Rachel came home to visit for the weekend. Gretel was estatic to see her. Thu Sep 25 2003 19:31:
I think I am coming down with something. Maybe I'll go to bed early, having finished 1986 in my scrapbook. Well, not exactly. I still have one more Christmas page to do, but I'm waiting for a print from a slide to be developed. Tomorrow maybe.
They had the debates on a tiny little portable television in the Family History Center on Wednesday night. I can't say I listened very closely; I certainly wasn't huddled around the screen with the family history director, but I came to the conclusion that I can't listen to Huffington for several more years. She certainly writes better than she speaks--or does she do her own writing? I'm suspicious now. The only one who I thought acquitted himself well was Peter Camejo, the Green Party Candidate. I suppose I'll have to become a Socialist and support him. Fri Sep 26 2003 11:16:
This gubernatorial recall election has me going around and around. Every day it's more tangled. Today's headline was that Bill Simon has endorsed Arnold. Well. Bill Simon is the reason I voted for Gray Davis in the first place, as Davis appeared to be the lesser evil. I was not happy about that choice at the time and I'm still pretty steamed; otherwise, I would have never signed the recall petition. Therefore, if Bill is taking Arnold's side, then I suppose I can't.
Fri Sep 26 2003 19:17:
Rachel and I went to see "Under The Tuscan Sun." The movie is different from the book in that it actually has a plot. We liked it, and particularly enjoyed the settings and costumes. Rachel worked up an appetite watching the feasting going on in the movie, and is now in the kitchen making pesto.
I spent the day today serging chemotherapy turbans at the stake RS service project.
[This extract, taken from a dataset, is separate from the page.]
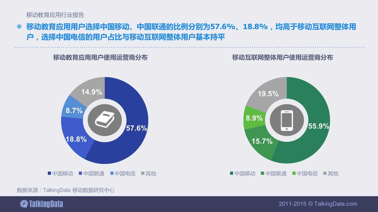 移动教育应用用户选择中国移动、中国联通的比例分别为57.6%、18.8%,均高于移动互联网整体用户,选择中国电信的用户占比与移动互联网整体用户基本持平。

I ruined the first one and sneaked it into the trash, but soon got the hang of it and went zipping along. I can't say that it made me feel better about the existence of cancer, but at least I contributed. I can't do anything about cancer, but I can do this. Sat Sep 27 2003 16:17:
Did I mention that when my home health nurse came a couple of days ago, she was in tears? Seems she had just left a six year old kid who was actively dying. She's been his home health nurse all along, so she's had time to get attached to him. I felt just terrible--for him, for her, for the world. Cancer is such an ugly thing.
Sun Sep 28 2003 20:25:
I have filled another scrapbook, and have gotten the family history to where we moved to Arvin. (August 1987). This means I only have about five more years to put in a book. I'm wondering if it will all fit in one book--probably not. I'll probably have to buy two more. I wonder what the Creative Memories lady will do for business if my scrapbooks are finished?
Mon Sep 29 2003 18:14:
OK, today is the day. It is really going to happen. I am going to clean out my refrigerator. Right. Now.
Juan is going to seed the yard with winter ryegrass on October 15, so I need to have the vegetable garden all pulled out by then. However, the Amundsens are going to come over Saturday morning and help me. Bless their hearts. I have to get the Langleys to come for the rosebush and the Welches to come for the wisteria. (All my landscaping mistakes!) I decided where I would move the strawberries. Tue Sep 30 2003 15:22:
I was going to make pasta salad using the cherry tomatoes from the plant I was going to rip out today, but I forgot some of the ingredients when I went to the grocery store yesterday. I think instead of ripping out the tomato plant, I will pull some weeds.
Tue Sep 30 2003 18:21:
Oh, dear. The UPS has delivered 100 daffodil bulbs. I wasn't expecting them for another three weeks, and I'm not quite ready for them. I guess everything else goes on hold while I do the fall yard work!